- First tankōbon volume cover

忘却バッテリー (Bōkyaku Batterī)
- Genre: Sports (Baseball)
- Written by: Eko Mikawa
- Published by: Shueisha
- Imprint: Jump Comics+
- Magazine: Shōnen Jump+
- Original run: April 26, 2018 – present
- Volumes: 23
- Directed by: Parako Shinohara
- Studio: MAPPA
- Released: October 11, 2020
- Runtime: 20 minutes
- Directed by: Makoto Nakazono
- Written by: Michiko Yokote
- Music by: Tomoki Kikuya; Hiroko Yamasaki;
- Studio: MAPPA
- Licensed by: Crunchyroll; EA/SEA: Medialink; ;
- Original network: TXN (TV Tokyo), AT-X
- Original run: April 10, 2024 – present
- Episodes: 12
- Anime and manga portal

= Oblivion Battery =

Japanese manga series

Oblivion Battery (忘却バッテリー, Bōkyaku Batterī) is a Japanese manga series written and illustrated by Eko Mikawa. It has been serialized via Shueisha's online manga app Shōnen Jump+ since April 2018, and has been collected in 23 tankōbon volumes as of January 2026. An original net animation (ONA) adaptation produced by MAPPA streamed in October 2020 as part of the Jump Special Anime Festa 2020 online event. An anime television series, also by MAPPA, aired from April to July 2024. A second season is set to premiere in 2027.

==Plot==
In the world of middle school baseball, Haruka Kiyomine and Kei Kaname are the genius battery who were once feared by everyone. This includes Taro Yamada, who after competing and losing to them, decided to quit baseball and go to Kotesashi High School, a school with no baseball club. However to his surprise, he encounters Haruka and Kei and discovers that Kei suffers from amnesia — losing all memory of playing baseball and is refusing to play again. Joining the newly established baseball club, Taro and Haruka decide to bring Kei back to baseball by showing him the fun of it. They are also joined by Aoi Todo and Shunpei Chihaya, two other genius baseball players who had also quit baseball after getting crushed by Haruka and Kei. The five begin once again living their baseball life.

==Characters==

=== Kotesashi High baseball team ===
- Haruka Kiyomine (清峰 葉流火, Kiyomine Haruka)

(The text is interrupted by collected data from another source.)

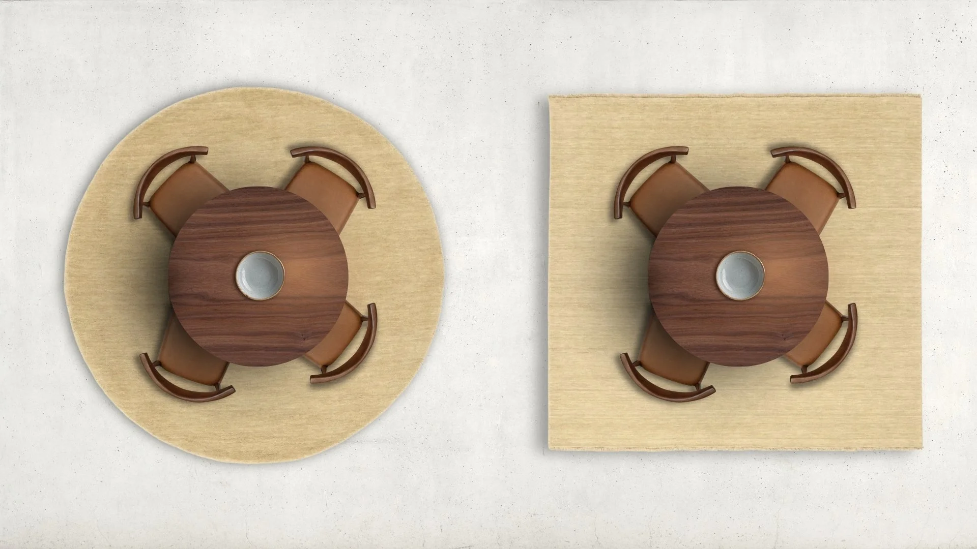 Think about radial balance, round rugs are usually better for round tables.
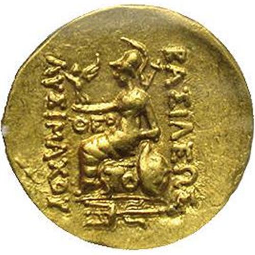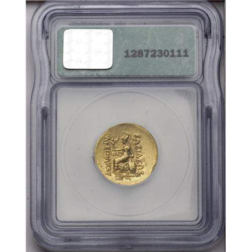 <B>Pontic Kingdom. Mithradates VI.</B></I> 120-63 B.C. AV stater (20 mm). Tomis, time of the First Mithradatic War, 88-86 B.C. Diademed head of the deified Alexander right, wearing horn of Ammon / Athena seated left, elbow resting on shield, holding Nike; ornamented trident and pellet in exergue. AMNG I 2481. AU55 ICG.
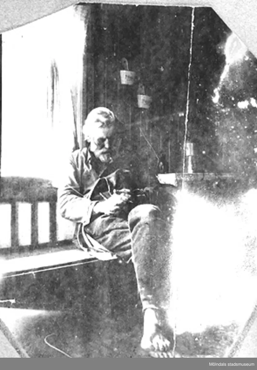 Långe-August, född 1855 i Kållered. Han var dräng bl a hos Maria och Josefin Eriksson på Vommedal Östergård. Cirka 1900-tal.
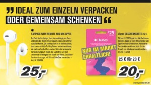 ProMarkt: 20 Prozent Rabatt auf 25 Euro iTunes-Karten bis zum 11. Dezember.
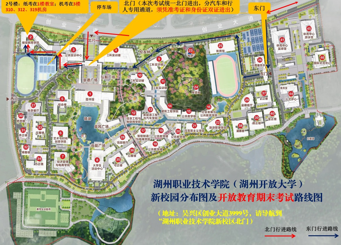 3.湖州开放大学老校区(学府路299号)已不启用,目前已经整体搬迁至创业大道3999号新校园,请第1考点考生和23考点参加机考的考生切记不要走错,考生统一从学校北门进出(导航至“湖州职业技术学院新校区北门),未提前预约入校申请考生须出示准考证和身份证方可进出。
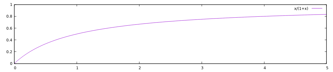 Прим. пер. - при малых значениях х функция x/(1+x) ведёт себя примерно как х, при больших х - стремится к единице. График функции:

A genius pitcher whose pitch reached a top speed of 148 km/h on a sharp, curving slider. Despite this he is only interested in "throwing the ball" and "playing baseball with Kei," relying almost entirely on Kei for training, health management, and team communication. After Kei lost his memories, Haruka turned down offers from prestigious schools and followed Kei to Kotesashi High School.
- Kei Kaname (要 圭, Kaname Kei)

Kei is Haruka's childhood friend who was once a genius right-handed catcher and left-handed batter who led the team to victory with his calm and collected leadership, but due to memory loss he lost both his knowledge and interest in baseball, and has somehow become a playful, perverted person. His memories occasionally returns to his former self. It is later revealed that this change is not a memory issue but caused by split personality.
- Taro Yamada (山田 太郎, Yamada Tarō)

The everyman as well the narrator for the most part of the story. In middle school, after realizing his own mediocre talent in a match against Haruka and Kei, Taro decided to quit baseball and enrolled to Kotesashi High School. Taro is sensible and gentle, but often makes harsh remarks about Kei's behavior in his monologue.
- Shunpei Chihaya (千早 瞬平, Chihaya Shunpei)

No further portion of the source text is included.